Work to complete = Without including any picture, write out the entries exactly as they stand.
--------------------------------
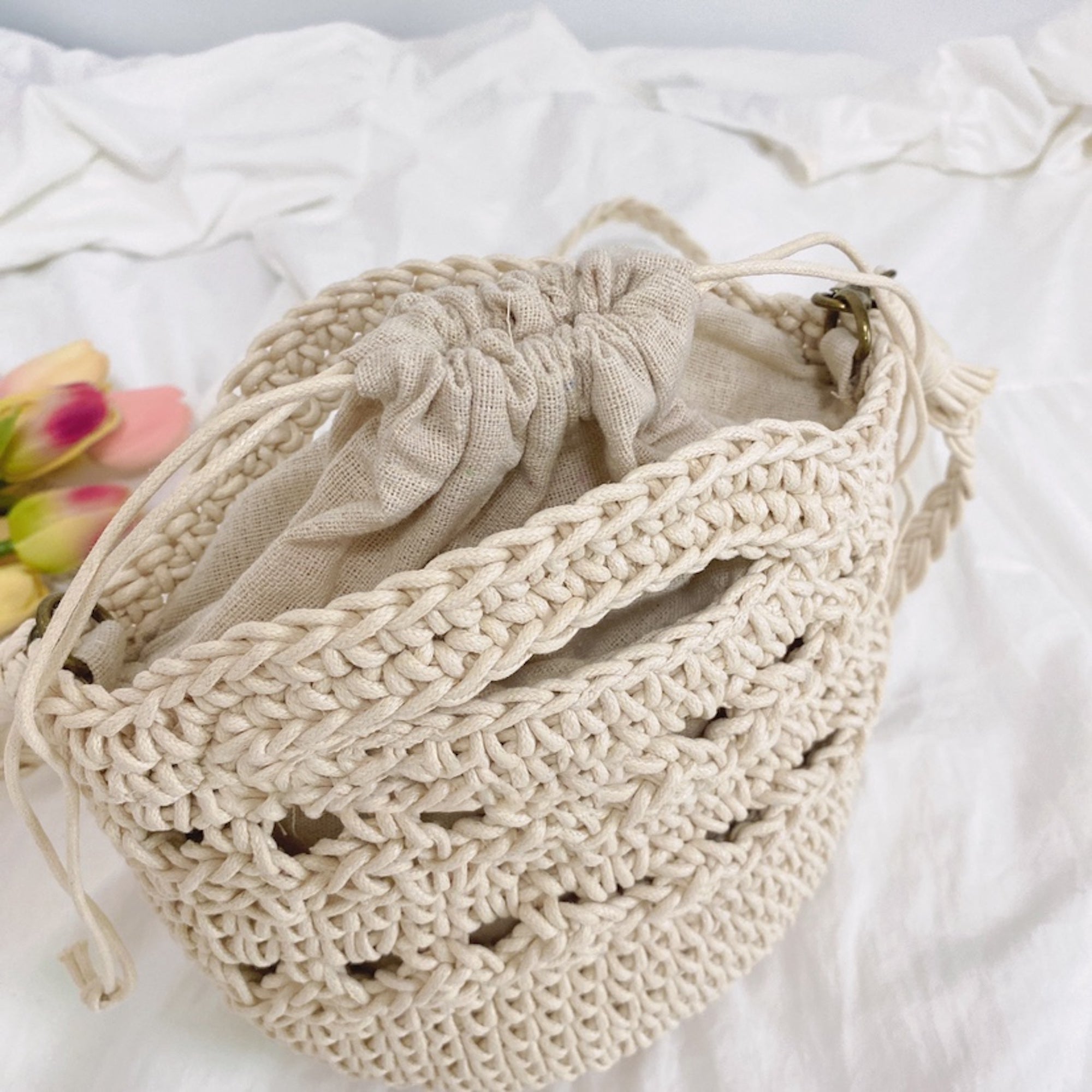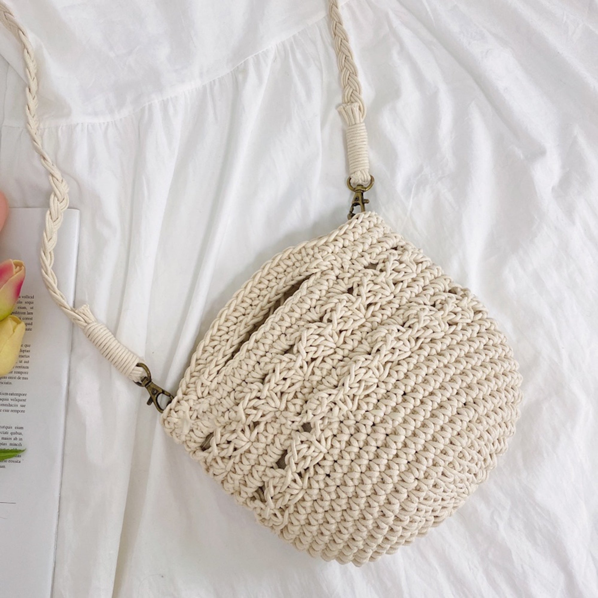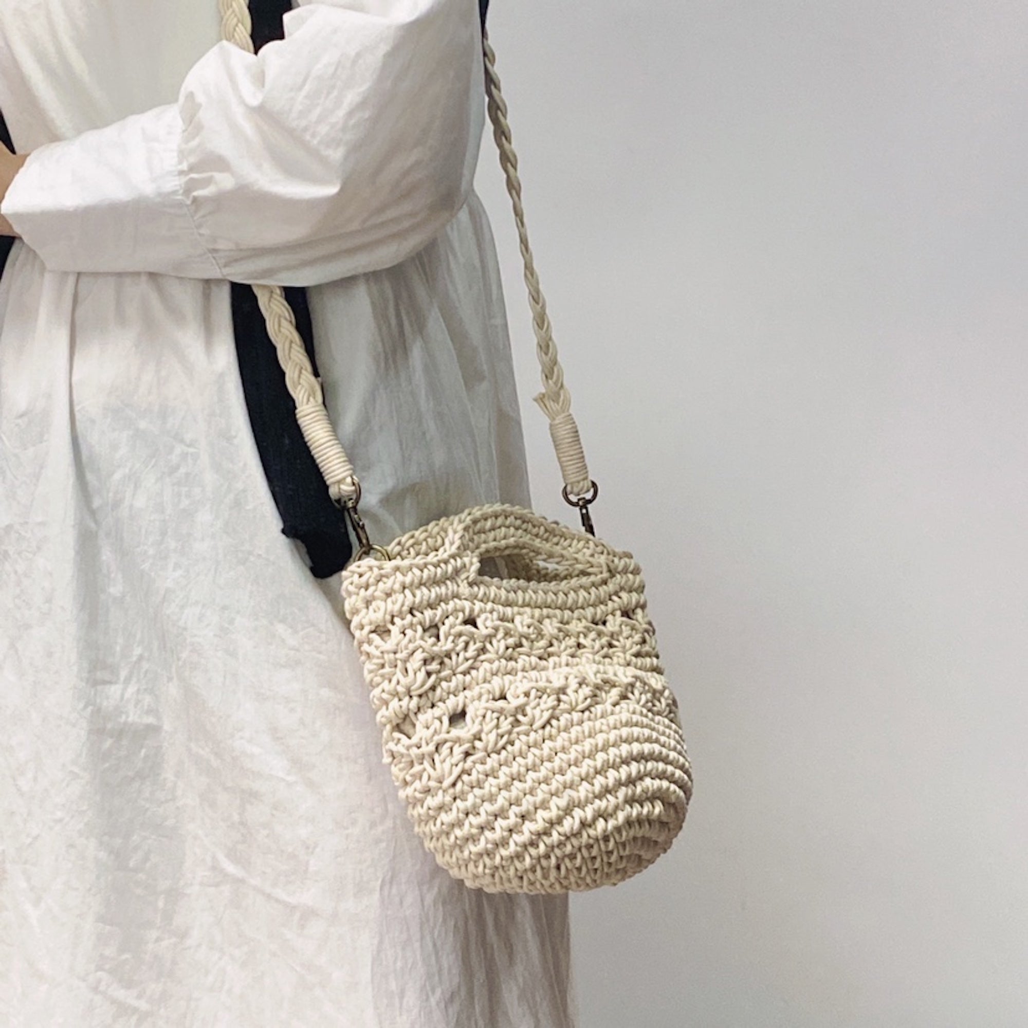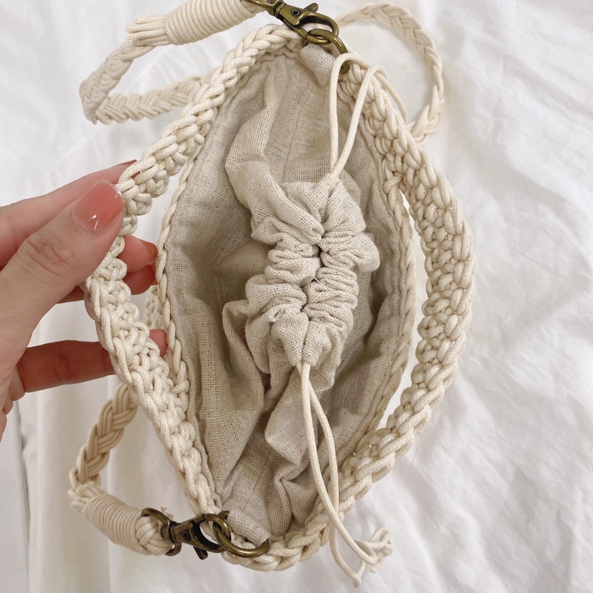 Retro style minimalistic cotton twine bag in 2 colors. This bag will instantly add a retro vibe to your outfit, with its classic crochet design and colors that compliment all denim and white blouse combinations.
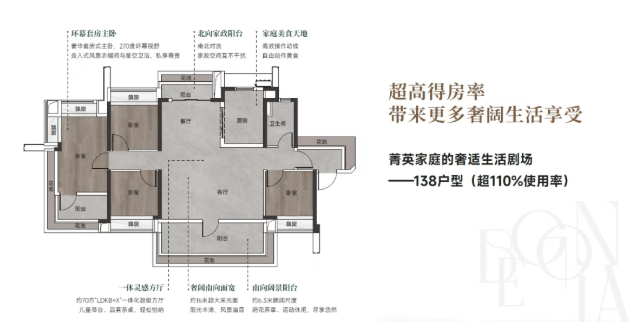 项目主要推出108㎡、118㎡、138㎡的三至四房户型,以及四套顶复200㎡户型。这些户型设计灵活,阳台占比高达20%,实际使用率可达110%-130%,为业主提供了宽敞舒适的居住空间。
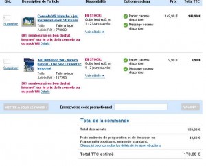 170.08 la console wii inazuma + un autre jeu mais avec 75 euros de bon d’achats en prime : le 03/12
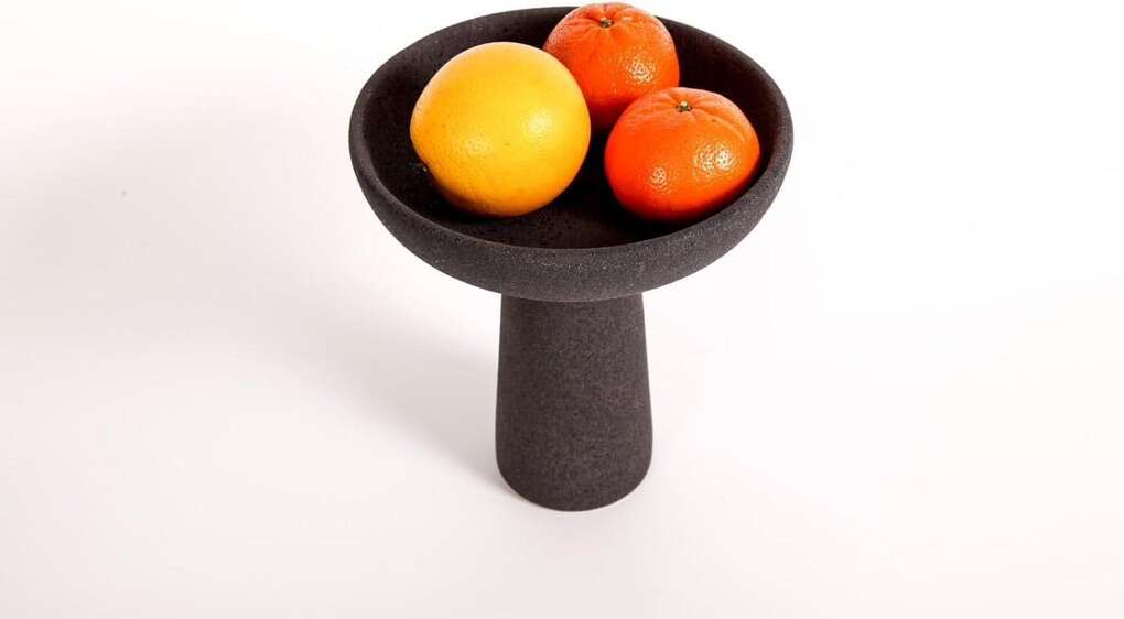 Its black color, footed base gives it an elegant touch. Perfect as a dining table centerpiece decor or kitchen counter decor. A unique, stylish addition to any entryway table or shelf decor. Its rough texture adds an element of on trend rustic charm that is perfect for those seeking a natural, organic feel in their home decor.
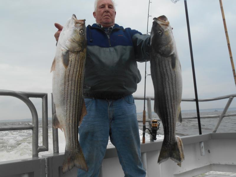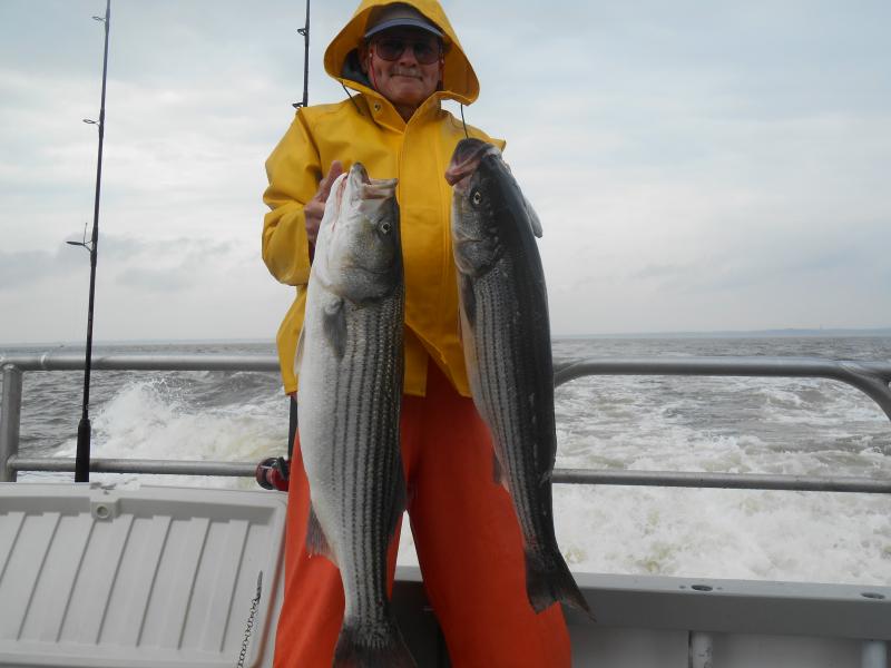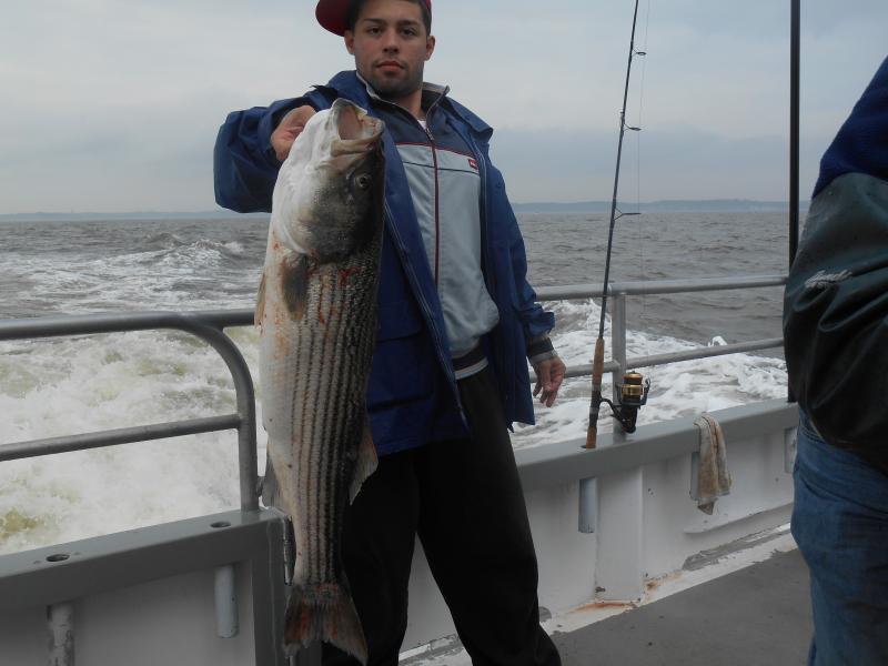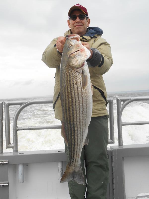 Hey gang, Capt. Scott here. Me and Devon had the Prowler5 out today with a light crowd of 13 anglers. We had some nice bass in the boat with some limits up to 22-23 lbs., into double digits keeper ratio with good short action. The bite was on the outgoing tide. Today's pool winner was Ken Steinberg of NYC with a 22lber. P.S. Bring the raincoats tomorrow, we'll be lighting up at 5:30. Pictures and pool winner in a little while. It was definitely a striper kind of day out today. Thx., Capt. Scott
--------------------------------
Expected answer =
 Retro style minimalistic cotton twine bag in 2 colors. This bag will instantly add a retro vibe to your outfit, with its classic crochet design and colors that compliment all denim and white blouse combinations.
 项目主要推出108㎡、118㎡、138㎡的三至四房户型,以及四套顶复200㎡户型。这些户型设计灵活,阳台占比高达20%,实际使用率可达110%-130%,为业主提供了宽敞舒适的居住空间。
 170.08 la console wii inazuma + un autre jeu mais avec 75 euros de bon d’achats en prime : le 03/12
 Its black color, footed base gives it an elegant touch. Perfect as a dining table centerpiece decor or kitchen counter decor. A unique, stylish addition to any entryway table or shelf decor. Its rough texture adds an element of on trend rustic charm that is perfect for those seeking a natural, organic feel in their home decor.
 Hey gang, Capt. Scott here. Me and Devon had the Prowler5 out today with a light crowd of 13 anglers. We had some nice bass in the boat with some limits up to 22-23 lbs., into double digits keeper ratio with good short action. The bite was on the outgoing tide. Today's pool winner was Ken Steinberg of NYC with a 22lber. P.S. Bring the raincoats tomorrow, we'll be lighting up at 5:30. Pictures and pool winner in a little while. It was definitely a striper kind of day out today. Thx., Capt. Scott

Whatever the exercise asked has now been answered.